### Task brief
Would you please print exactly the lines that run from the one with "Dviguba vaflinė Dviguba" to the last line of the data, both included, without any pictures?

### Material shown
:::::

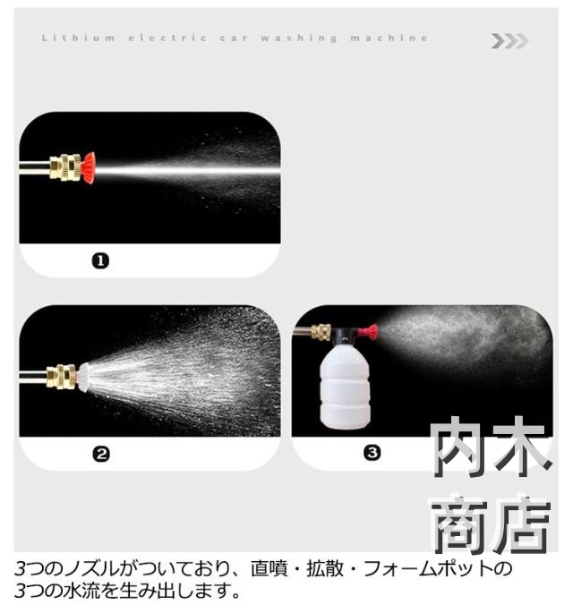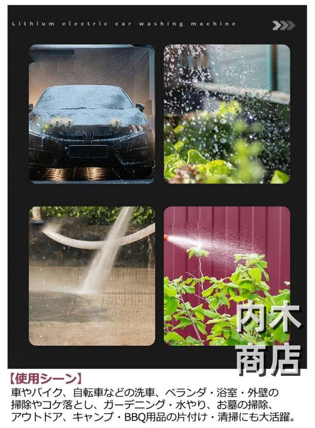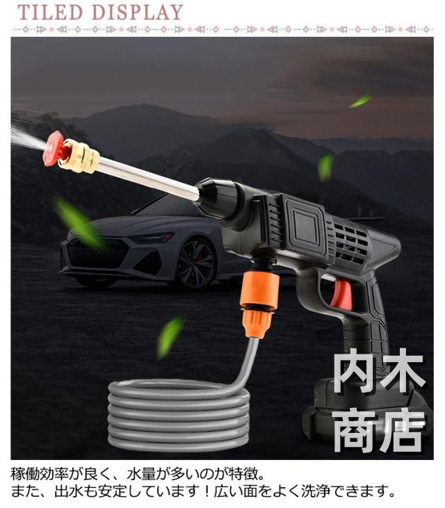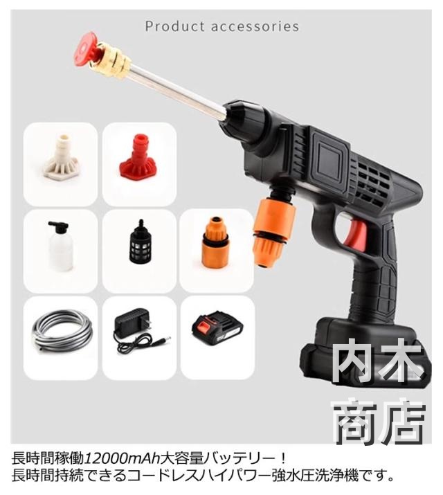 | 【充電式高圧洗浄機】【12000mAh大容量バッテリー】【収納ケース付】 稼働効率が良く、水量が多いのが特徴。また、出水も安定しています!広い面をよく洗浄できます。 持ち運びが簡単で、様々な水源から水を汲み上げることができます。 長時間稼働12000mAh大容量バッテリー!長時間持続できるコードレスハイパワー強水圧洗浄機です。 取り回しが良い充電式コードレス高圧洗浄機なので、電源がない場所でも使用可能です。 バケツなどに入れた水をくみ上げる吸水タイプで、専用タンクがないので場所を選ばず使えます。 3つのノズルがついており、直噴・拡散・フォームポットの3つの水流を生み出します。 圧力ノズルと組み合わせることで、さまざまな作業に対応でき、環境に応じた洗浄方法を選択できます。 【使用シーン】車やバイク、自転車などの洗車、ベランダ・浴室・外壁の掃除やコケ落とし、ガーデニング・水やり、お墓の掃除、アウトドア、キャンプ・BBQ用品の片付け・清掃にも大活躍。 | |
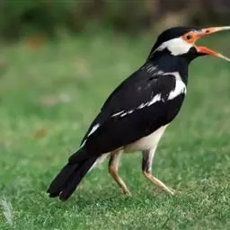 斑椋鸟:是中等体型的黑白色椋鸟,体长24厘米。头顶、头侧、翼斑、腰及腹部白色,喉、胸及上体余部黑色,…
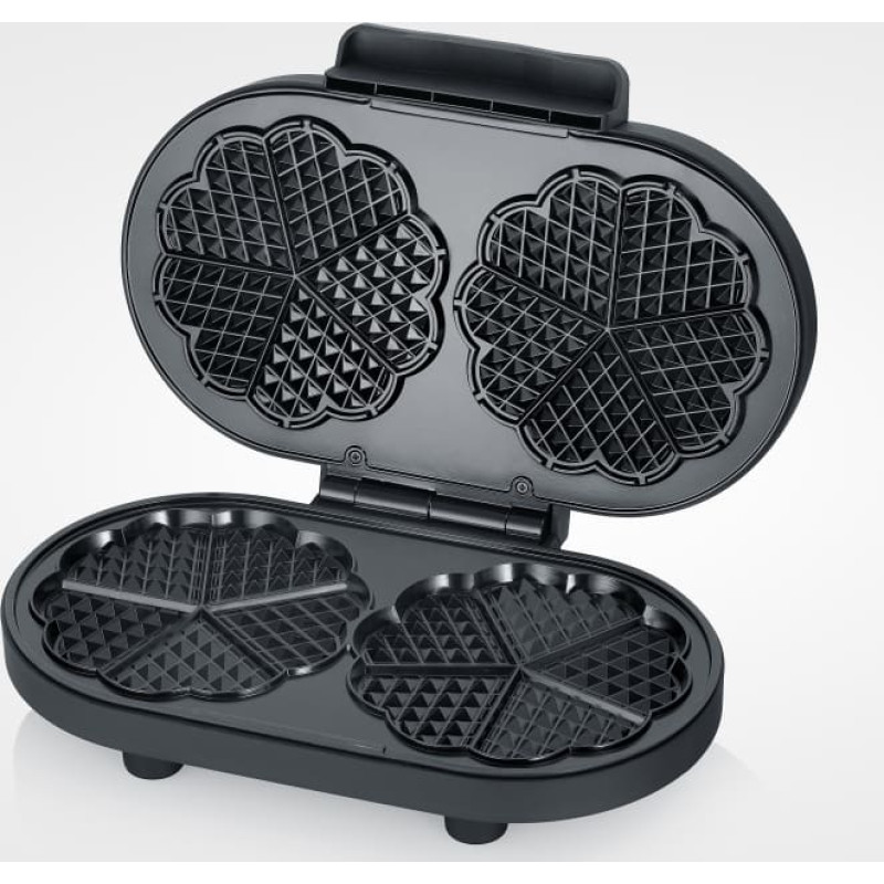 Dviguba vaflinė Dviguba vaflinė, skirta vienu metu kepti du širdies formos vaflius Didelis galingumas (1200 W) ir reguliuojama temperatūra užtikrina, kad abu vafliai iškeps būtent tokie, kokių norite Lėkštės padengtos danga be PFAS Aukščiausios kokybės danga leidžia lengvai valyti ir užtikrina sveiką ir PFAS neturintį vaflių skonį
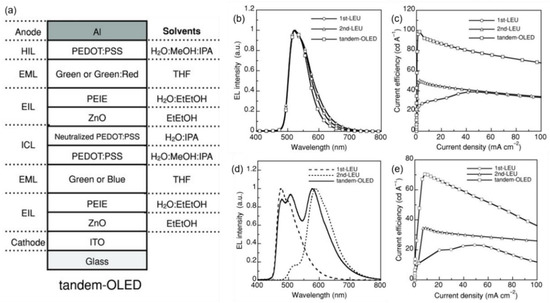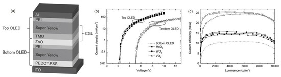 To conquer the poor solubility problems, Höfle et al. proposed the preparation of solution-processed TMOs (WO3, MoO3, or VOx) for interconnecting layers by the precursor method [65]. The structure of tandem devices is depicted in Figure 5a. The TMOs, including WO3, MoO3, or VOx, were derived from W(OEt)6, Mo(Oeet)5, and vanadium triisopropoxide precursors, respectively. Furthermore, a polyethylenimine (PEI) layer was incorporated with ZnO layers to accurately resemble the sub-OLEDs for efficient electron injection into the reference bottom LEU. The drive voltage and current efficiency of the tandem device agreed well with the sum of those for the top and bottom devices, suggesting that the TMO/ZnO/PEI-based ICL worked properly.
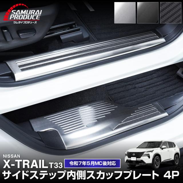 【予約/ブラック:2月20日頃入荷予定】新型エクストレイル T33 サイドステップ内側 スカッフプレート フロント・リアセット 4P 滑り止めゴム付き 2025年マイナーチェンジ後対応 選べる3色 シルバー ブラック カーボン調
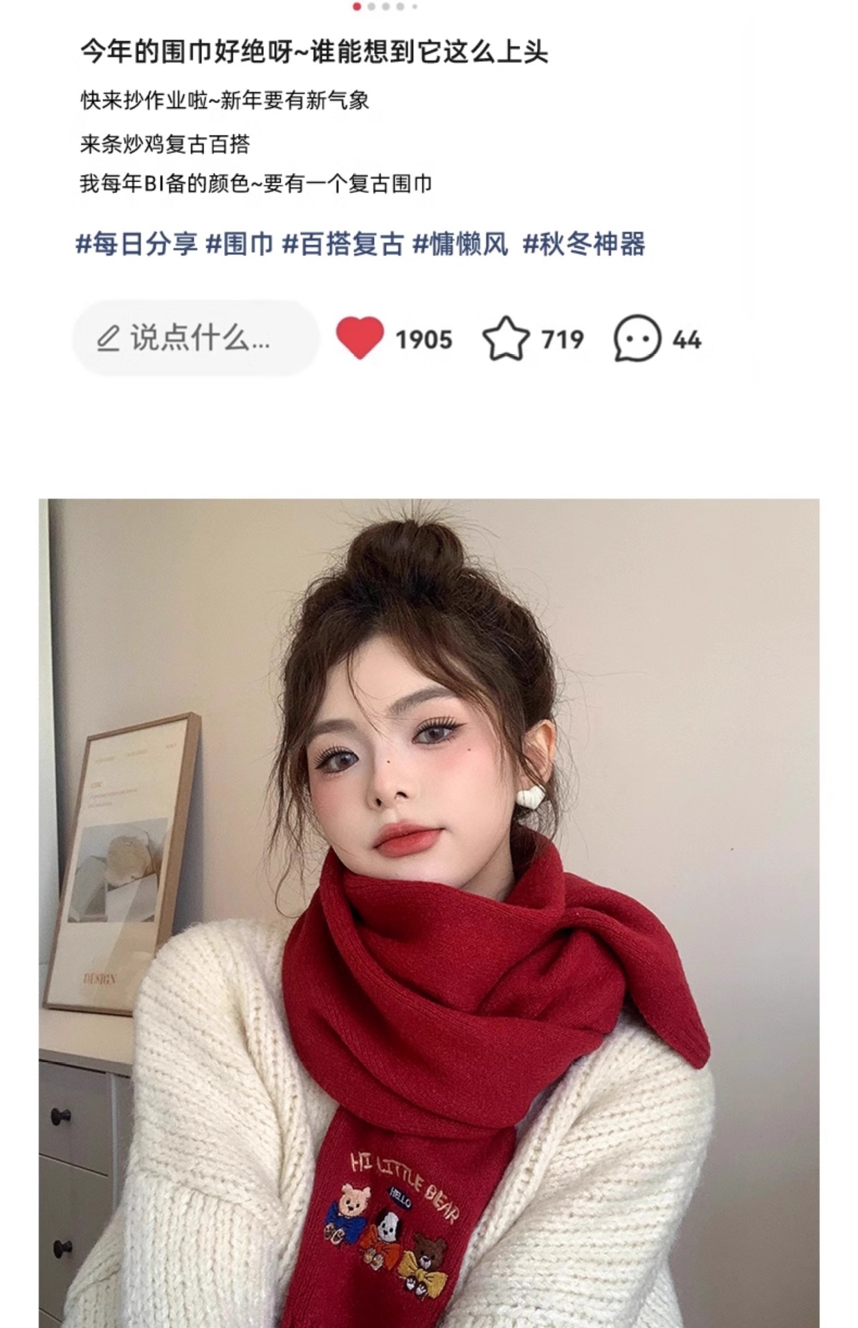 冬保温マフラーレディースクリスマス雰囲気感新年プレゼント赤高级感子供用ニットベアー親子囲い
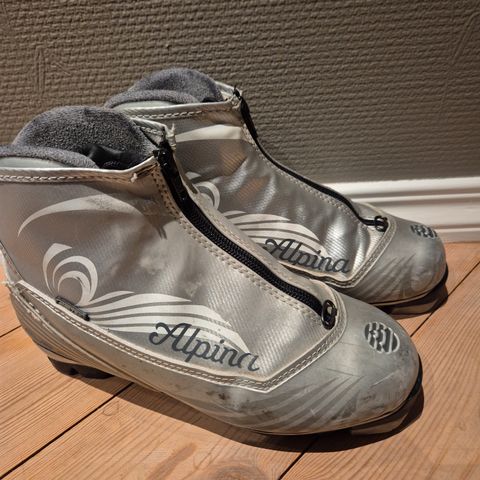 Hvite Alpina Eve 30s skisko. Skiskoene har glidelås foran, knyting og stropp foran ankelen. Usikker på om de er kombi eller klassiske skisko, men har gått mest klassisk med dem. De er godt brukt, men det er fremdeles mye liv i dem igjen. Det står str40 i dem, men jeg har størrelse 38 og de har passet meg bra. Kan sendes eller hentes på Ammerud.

:::::

### Answer to the problem
 Dviguba vaflinė Dviguba vaflinė, skirta vienu metu kepti du širdies formos vaflius Didelis galingumas (1200 W) ir reguliuojama temperatūra užtikrina, kad abu vafliai iškeps būtent tokie, kokių norite Lėkštės padengtos danga be PFAS Aukščiausios kokybės danga leidžia lengvai valyti ir užtikrina sveiką ir PFAS neturintį vaflių skonį
 To conquer the poor solubility problems, Höfle et al. proposed the preparation of solution-processed TMOs (WO3, MoO3, or VOx) for interconnecting layers by the precursor method [65]. The structure of tandem devices is depicted in Figure 5a. The TMOs, including WO3, MoO3, or VOx, were derived from W(OEt)6, Mo(Oeet)5, and vanadium triisopropoxide precursors, respectively. Furthermore, a polyethylenimine (PEI) layer was incorporated with ZnO layers to accurately resemble the sub-OLEDs for efficient electron injection into the reference bottom LEU. The drive voltage and current efficiency of the tandem device agreed well with the sum of those for the top and bottom devices, suggesting that the TMO/ZnO/PEI-based ICL worked properly.
 【予約/ブラック:2月20日頃入荷予定】新型エクストレイル T33 サイドステップ内側 スカッフプレート フロント・リアセット 4P 滑り止めゴム付き 2025年マイナーチェンジ後対応 選べる3色 シルバー ブラック カーボン調
 冬保温マフラーレディースクリスマス雰囲気感新年プレゼント赤高级感子供用ニットベアー親子囲い
 Hvite Alpina Eve 30s skisko. Skiskoene har glidelås foran, knyting og stropp foran ankelen. Usikker på om de er kombi eller klassiske skisko, men har gått mest klassisk med dem. De er godt brukt, men det er fremdeles mye liv i dem igjen. Det står str40 i dem, men jeg har størrelse 38 og de har passet meg bra. Kan sendes eller hentes på Ammerud.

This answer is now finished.